2007年2月議会 3月12日 石坂千穂
2007年度長野県一般会計予算案の反対討論

私は、2007年度長野県一般会計当初予算案に限って反対の討論を行ないます。

 村井知事が編成した初めての当初予算案は、予算総額8462億円、前年比で6年ぶりに増額となり、212億円、2.6%の増です。
 歳出のなかで、日本共産党県議団も繰りかえし要望してきた災害対策、医師確保対策や助産師の活用、障害者自立支援法による激変緩和、宅老所、特養ホームの充実、浅川と千曲川合流点の排水機場の能力アップ、排水ポンプ車整備、間伐予算の増額などが実現したことは大いに歓迎するものです。

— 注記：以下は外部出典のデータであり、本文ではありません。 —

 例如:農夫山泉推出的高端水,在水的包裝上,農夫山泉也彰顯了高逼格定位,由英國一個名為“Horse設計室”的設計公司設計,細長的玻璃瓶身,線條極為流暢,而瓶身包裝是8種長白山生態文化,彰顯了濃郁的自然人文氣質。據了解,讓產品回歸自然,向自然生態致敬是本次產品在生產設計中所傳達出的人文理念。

 歳入の特徴は、県税収入が2601億円、前年比461億円の増で9年ぶりに構成比30.7%でトップになりましたが、先ほど林議員も述べたように地方譲与税が365億円の減、地方交付税が2193億円で構成比25.9%、前年比68億円の減となり、県税収入は増えたのに、一般財源全体は約61億円の減となっています。ちなみに県税増収分461億円のうち、所得税などの税源移譲分が290億円ですが、定率減税廃止や高齢者の非課税措置撤廃による市県民税の増税など県民の税負担が増えていることを見ておかなければなりません。
 一般財源の減額を補って積極予算を組む財源となっているのが、県債と国庫支出金ですが、そのうち、新年度から行政改革推進債を5年間で500億円、初年度は100億円導入することとなりました。「予算は政治の顔」と言われますが、この行政改革推進債を「活用」することで、長野県の予算の性格は大きく変わらざるを得なくなることが予想され、日本共産党県議団が新年度予算案に反対する最大の理由はここにあります。

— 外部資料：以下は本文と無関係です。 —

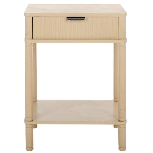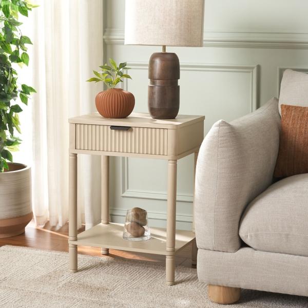From narrow hallways to small living rooms, this compact Natural Wood Mina End Table will deliver style and function to your home! Its sleek lines are complemented by its fluted drawer design for a touch of modern elegance to your space. End table measures 17.7W x 13.8D x 24H in. Crafted of pine and MDF Natural finish Features one (1) pull-out drawer and one (1) lower shelf Fluted drawer front Weight: 16.5 lbs. Weight capacity: 40 lbs. Some assembly required; see Info & Guides in the drop down below to view or print assembly instructions Not intended for commercial use Care: Wipe with a soft, dry cloth. This item is available at Kirklands.com only, not available in stores. Please note: this item cannot be shipped to APO/FPO addresses.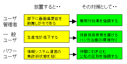 パワーユーザの存在は重要である。パワーユーザがいるからEUCが円滑に発展するのだし、トラブルが起こったときに現場で対応してくれる。頼りになる存在である。しかし、パワーユーザが画面偏愛症に罹ったときは、情報システム部門にとって大きな脅威になる。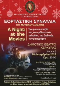 Η Φιλαρμονική Ένωση Κέρκυρας «Ο Καποδίστριας» παρουσιάζει την εορταστική της συναυλία με τίτλο «A Night at the Movies», μια μοναδική μουσική παράσταση αφιερωμένη στις πιο εμβληματικές μελωδίες του διεθνούς κινηματογράφου.…
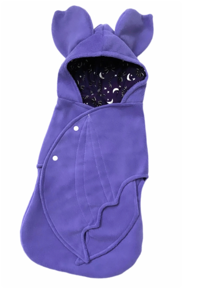 We recomment wrapping newborns and 3-6 months in a light gauze swaddler blanket (not included) prior to placing into the bat swaddle blanket. This will keep the batty baby soothed and comfortable

 行政改革推進債は、総務省の「新地方行革指針」に基づいた行政改革――長野県の場合は、事務事業の見直し、外郭団体の見直しや、職員給与の総額削減、職員定数を組織再編や県立病院、社会福祉施設、試験研究機関などの独立行政法人化や民営化、学校統廃合などで約1550人減らすことを交換条件として国から借りるものです。
 県民サービスの大きな後退につながりかねない危険性をもっています。しかも、行革推進債は社会資本整備、公共事業にしか使うことができず、地方交付税の基準財政需要額に参入されると言う措置も無いため、全額行政改革での節約で返済するしかありません。借金に頼り、治水効果の薄い、安全性の保障も無い浅川の穴あきダム建設はじめ、大型公共事業の費用を将来にわたって確保する一方で、受益者負担と言う名の県民負担を強めていくのでは、いったい、何のための県政でしょうか。新年度高校授業料や県立病院の分娩費はじめ5議案の値上げが予定されていますが、私たちは賛成できません。

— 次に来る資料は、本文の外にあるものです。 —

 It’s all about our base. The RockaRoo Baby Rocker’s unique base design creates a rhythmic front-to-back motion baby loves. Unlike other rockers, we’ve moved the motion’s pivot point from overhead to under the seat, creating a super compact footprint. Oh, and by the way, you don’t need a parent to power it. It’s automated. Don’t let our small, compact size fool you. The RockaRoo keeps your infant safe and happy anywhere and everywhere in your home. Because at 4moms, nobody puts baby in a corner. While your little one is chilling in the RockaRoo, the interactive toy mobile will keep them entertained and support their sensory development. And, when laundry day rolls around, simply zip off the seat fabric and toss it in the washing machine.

 知事は、県債残高を増やさない範囲での活用と言いますが、だとすれば、予算総額に占める公共事業費の比率が、県として当然果たさなければならない公的なサービスの後退と反比例して増えていくことにもなりかねず、毛利議員が代表質問で「毒薬」と表現した危険な方向に、県政を進めていくこととなります。まさに、国が押しつけてきた、「改革」の名による改革の後戻りではないでしょうか。全国の総額3000億円の行革推進債の枠に対し、18年度「活用」しなかった都府県が14あることもふまえ、行革推進債および、同じく団塊世代の大量退職に対処するためとは言え、将来の人件費削減を条件とする退職手当債の活用にも、改めて慎重な対応を求めます。
 以上申し上げまして、反対の討論といたします。